As expected, the relationship between education and prestige appears to be more linear than that between income and prestige.
Next, we fit response variable ‘prestige’ with explanatory variables ‘education’ and ‘income’ separately and find out which variable is the stronger predictor.
\(prestige = b_{0} + b_{1}*education + e\)
##
## Call:
## lm(formula = prestige ~ education, data = Prestige)
##
## Residuals:
## Min 1Q Median 3Q Max
## -26.0397 -6.5228 0.6611 6.7430 18.1636
##
## Coefficients:
## Estimate Std. Error t value Pr(>|t|)
## (Intercept) -10.732 3.677 -2.919 0.00434 **
## education 5.361 0.332 16.148 < 2e-16 ***
## ---
## Signif. codes: 0 '***' 0.001 '**' 0.01 '*' 0.05 '.' 0.1 ' ' 1
##
## Residual standard error: 9.103 on 100 degrees of freedom
## Multiple R-squared: 0.7228, Adjusted R-squared: 0.72
## F-statistic: 260.8 on 1 and 100 DF, p-value: < 2.2e-16
95% confidence interval of the estimated coefficients
## 2.5 % 97.5 %
## (Intercept) -18.027220 -3.436744
## education 4.702223 6.019533
The education variable appears to be highly significant. The \(R^{2}\) suggests that the model explains 72% of the variability of the response variable ‘prestige’.
## Test stat Pr(>|t|)
## education 2.596 0.011
## Tukey test 2.596 0.009
We observe that there is no linear relationship between the fitted values of ‘prestige’ and the residuals. Also, the Q-Q plot suggests that the residual is normally distributed (approximately).

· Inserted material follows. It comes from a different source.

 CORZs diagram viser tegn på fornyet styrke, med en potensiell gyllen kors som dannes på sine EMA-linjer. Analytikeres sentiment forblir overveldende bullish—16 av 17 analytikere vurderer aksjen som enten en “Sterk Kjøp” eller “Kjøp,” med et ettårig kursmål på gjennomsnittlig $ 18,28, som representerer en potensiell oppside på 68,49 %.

\(prestige = b_{0} + b_{1}*log(income) + e\)
##
## Call:
## lm(formula = prestige ~ log(income), data = Prestige)
##
## Residuals:
## Min 1Q Median 3Q Max
## -19.114 -9.342 -1.218 8.101 30.454
##
## Coefficients:
## Estimate Std. Error t value Pr(>|t|)
## (Intercept) -139.856 16.954 -8.249 6.6e-13 ***
## log(income) 21.556 1.953 11.037 < 2e-16 ***
## ---
## Signif. codes: 0 '***' 0.001 '**' 0.01 '*' 0.05 '.' 0.1 ' ' 1
##
## Residual standard error: 11.61 on 100 degrees of freedom
## Multiple R-squared: 0.5492, Adjusted R-squared: 0.5447
## F-statistic: 121.8 on 1 and 100 DF, p-value: < 2.2e-16
95% confidence interval of the estimated coefficients
## 2.5 % 97.5 %
## (Intercept) -173.49239 -106.21906
## log(income) 17.68139 25.43134
Comparing \(R^{2}\), we can conclude that education is a better predictor of prestige than income.
## Test stat Pr(>|t|)
## log(income) 2.694 0.008
## Tukey test 2.694 0.007
Do we get a better fit if we use both education and income in the model as predictors of prestige?

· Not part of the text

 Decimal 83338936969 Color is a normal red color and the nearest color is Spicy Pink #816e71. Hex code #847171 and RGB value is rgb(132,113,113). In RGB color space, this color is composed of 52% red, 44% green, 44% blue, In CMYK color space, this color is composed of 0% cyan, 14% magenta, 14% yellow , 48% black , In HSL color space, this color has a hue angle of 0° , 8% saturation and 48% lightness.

\(prestige = b_{0} + b_{1}*education + b_{2}*log(income) + e\)
##
## Call:
## lm(formula = prestige ~ education + log(income), data = Prestige)
##
## Residuals:
## Min 1Q Median 3Q Max
## -17.0346 -4.5657 -0.1857 4.0577 18.1270
##
## Coefficients:
## Estimate Std. Error t value Pr(>|t|)
## (Intercept) -95.1940 10.9979 -8.656 9.27e-14 ***
## education 4.0020 0.3115 12.846 < 2e-16 ***
## log(income) 11.4375 1.4371 7.959 2.94e-12 ***
## ---
## Signif. codes: 0 '***' 0.001 '**' 0.01 '*' 0.05 '.' 0.1 ' ' 1
##
## Residual standard error: 7.145 on 99 degrees of freedom
## Multiple R-squared: 0.831, Adjusted R-squared: 0.8275
## F-statistic: 243.3 on 2 and 99 DF, p-value: < 2.2e-16
## 2.5 % 97.5 %
## (Intercept) -117.016298 -73.371676
## education 3.383824 4.620081
## log(income) 8.585936 14.288979
## Test stat Pr(>|t|)
## education 1.615 0.109
## log(income) 0.221 0.825
## Tukey test 0.653 0.514
## Analysis of Variance Table
##
## Model 1: prestige ~ education
## Model 2: prestige ~ education + log(income)

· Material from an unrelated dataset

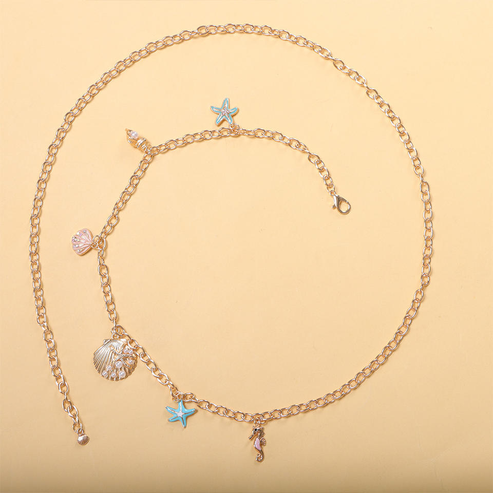 Single-layer seashell starfish waist chain with gold seashell arm ring

## Res.Df RSS Df Sum of Sq F Pr(>F)
## 1 100 8287.0
## 2 99 5053.6 1 3233.4 63.341 2.942e-12 ***
## ---
## Signif. codes: 0 '***' 0.001 '**' 0.01 '*' 0.05 '.' 0.1 ' ' 1
In this multivariate model, we find that \(R^{2}\) is further improved. Also, the residual sum of squares is significantly lower than the education and income models. This suggests that combination of education and income is a better predictor of prestige than the bi-variate models.